Given $T^2 = T$ find all eigenvalues of $T$...

Question

Given a linear operator $T$ on a finite-dimensional vector space $V$, satisfying $T^2 = T$ answer the following:

(a) Using the dimension theorem, show that $N(T) \bigoplus R(T) = V$;

(b) Identify all eigenvalues of $T$ and the corresponding eigenspaces and show that $T$ is diagonalizable.

I have already proven part (a). Basically define $Tv = w$ and the rest follows.
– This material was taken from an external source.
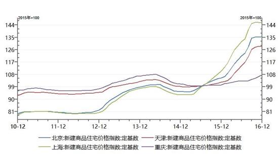 重慶近兩年的房價漲幅明顯低于另外3個直轄市。數(shù)據(jù)來源:Wind資訊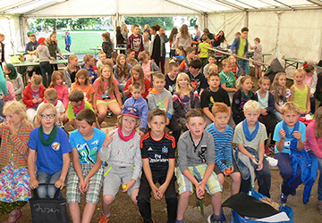 In sechs altersgleichen kleinen Gruppen tauchten die Kinder in ihnen unbekannte Welten ab, durchforsteten aber auch gleichzeitig ihr eigenes Leben nach Sternstunden. Ergänzend dazu gab es jeden Tag sogenannte Großgruppenaktionen, in der alle Kinder und Helfer zusammen verrückte Aufgaben lösten. So wurde gemeinsam, Alien fangen, Eiswürfel auftauen, Fliegen abklatschen, oder Großball-Rugby gespielt. Am Ausflugstag landeten alle auf einem Himbeerplaneten.

Part (b) however I am honestly confused on where to start.

Answer 1

By definition: $$Tv = \lambda v$$ Multiply both sides by $T$: $$T^2 v = \lambda T v.$$ Recall that $T^2 = T$: $$Tv = \lambda Tv.$$ Since $Tv = \lambda v$, then: $$\lambda v = \lambda \cdot \lambda v = \lambda^2 v.$$ That is:

$$\lambda = \lambda^2.$$

This equation has only two solutions: $\lambda = 0$ and $\lambda = 1$.

For $\lambda = 0$, the eigenspace corresponds to the null space of $T$. For $\lambda = 1$, the eigenspace is given by all vectors $v$ such that:

$$(T-I)v = 0,$$

where $I$ is the identity matrix.

Answer 2

Hints:

1. If $v$ is an eigenvector, then $\lambda v=Tv=T^2v=\lambda^2v$, so $\lambda=\lambda^2$.
2. $R(T)$ coincides with the eigenspace of $\lambda=1$, then use part (a).